Another former Jacksonville Jaguars quarterback, and yet another underdog/overperformer, David Garrard carved out a nice little career as a hybrid starter-backup in the NFL. The Jaguars franchise cratered upon his departure in 2010, seemingly showing that Garrard was more valuable than the team recognized.
Jason Campbell won a National Championship at Auburn, and when he was drafted by the Washington Redskins with the 25th pick in the 2005 NFL Draft, the hope was that Campbell would help bring those winning ways to the District of Columbia. That didn't end up happening, and Campbell went on to a journeyman-like career in the league.
Kyle Orton never quite got the respect he may have deserved as a little-touted quarterback prospect from Purdue. But he went on to have steady stints with the Chicago Bears and the Denver Broncos, passing for over 18,000 yards in his career, with 101 touchdowns to 69 interceptions.
Jake Locker is a cautionary example of what can happen when a high draft pick isn't surrounded with talent. Locker was chosen in the 2011 NFL Draft and quickly took on the unfavorable nickname "The Hurt Locker." Locker has admitted that he quickly lost his passion for football and took to drinking in unhealthy amounts.
Josh Freeman became one more in a slew of hopeful savior-quarterbacks drafted by the Tampa Bay Buccaneers when the franchise selected him as the 17th overall pick in the 2009 NFL Draft. Freeman was big and strong and had a powerful arm. He got off to a hot start by leading the Bucs to a 10-6 record in 2011.
Daunte Culpepper was one of the best quarterbacks in the NFL when he was paired with Randy Moss on several Minnesota Vikings teams that were favorites to reach the Super Bowl.
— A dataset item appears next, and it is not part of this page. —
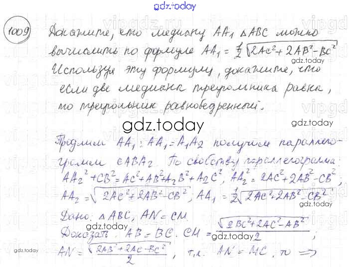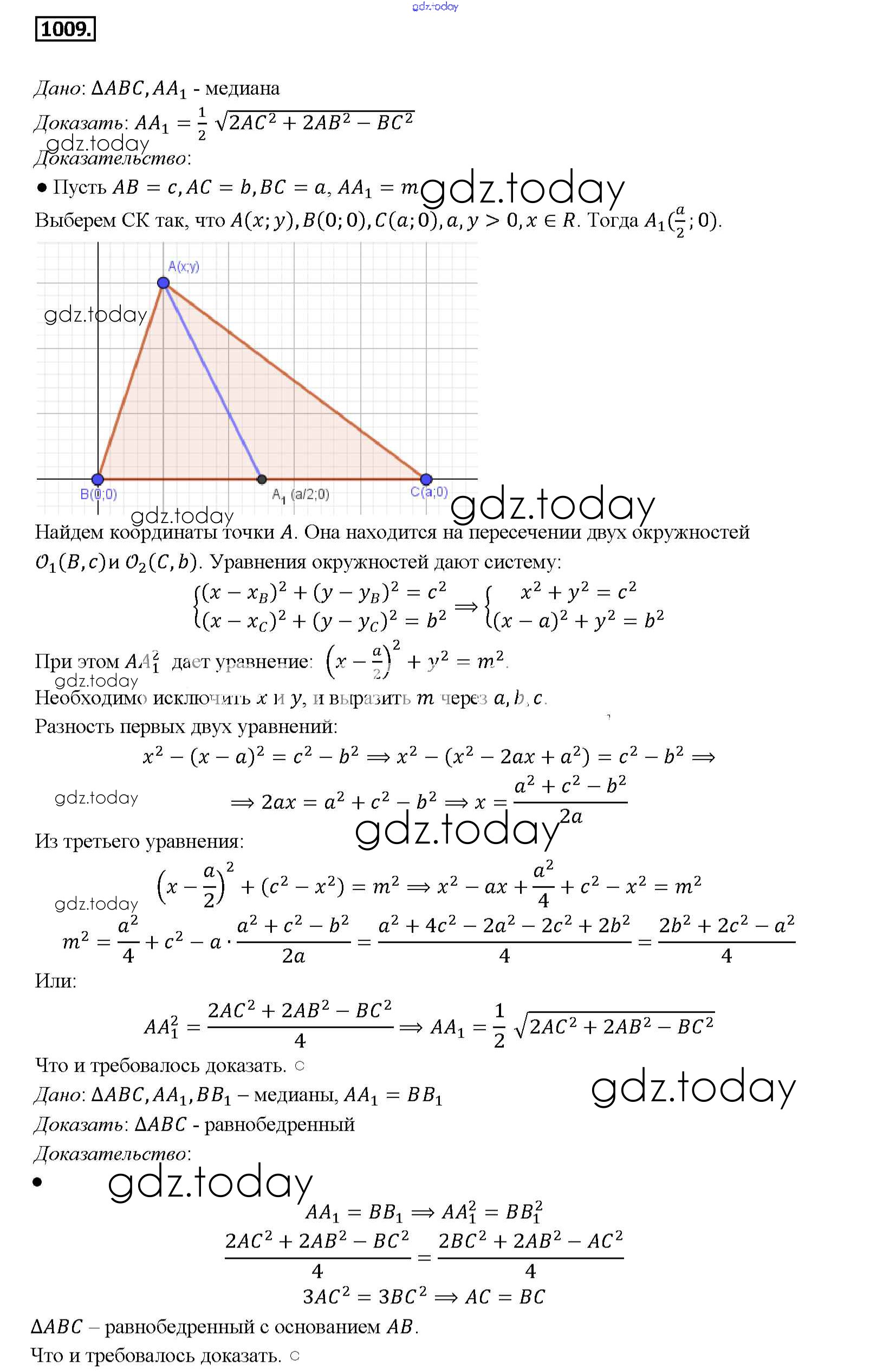 Ответы к Решение. Задачи 1009 Учебнику по Геометрии для 7-9 класса Атанасян, Бутузов Просвещение 2010

But Culpepper's time in Minnesota was marred by the infamous team boat party involving "exotic dancers," lots of booze and alleged drug use.
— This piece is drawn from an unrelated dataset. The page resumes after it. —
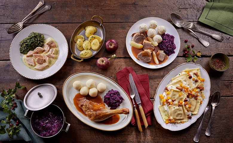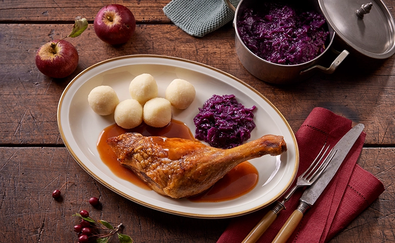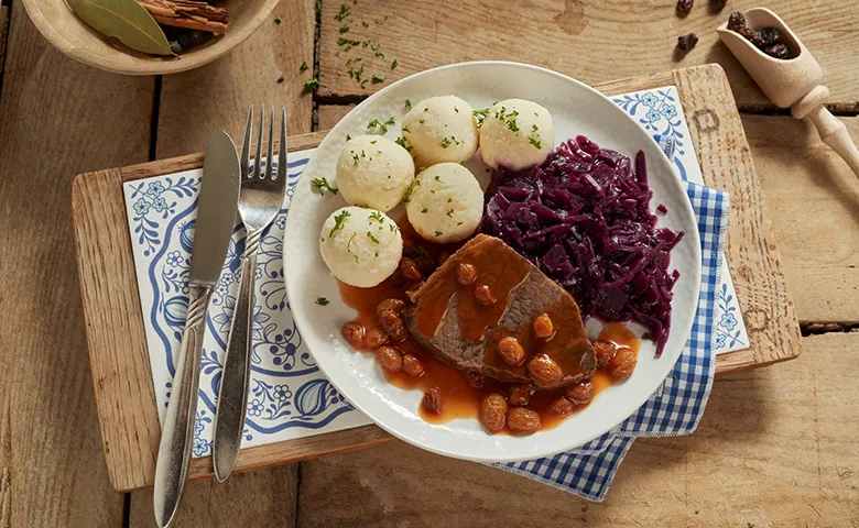 mit Rosinensoße, dazu Rotkohl und Kartoffelklöße

Browns fans, apologies are in order for even mentioning the name Tim Couch. But Couch will forever have a spot in football buffs' memories, if only as a cautionary tale. Couch was always on terrible teams, and his career didn't start off on the right foot — he threw 13 interceptions to only 15 touchdowns.
In Latin, "Rex" means "king," and for a while, Rex Grossman was the king of the quarterbacks. In college at the University of Florida, Grossman earned a reputation as a winner, and the Chicago Bears drafted him and made him their starting quarterback. He led them to a Super Bowl and lost, and his career never reached the same heights.
Jeff Garcia played in a time before small-statured quarterbacks were considered just as capable of winning as those who are tall. The odds were against him, yet he managed to win starting positions in San Francisco, Tampa Bay, Cleveland and Philadelphia, to varying degrees of success.
Jeff George's arm was as powerful as his personality was brash, which is to say he threw the ball far and ticked off a lot of people. George was the number-one pick in the 1990 NFL Draft, as the Colts chose to take a shot on the loquacious QB who threw for over 6,000 yards in two college seasons.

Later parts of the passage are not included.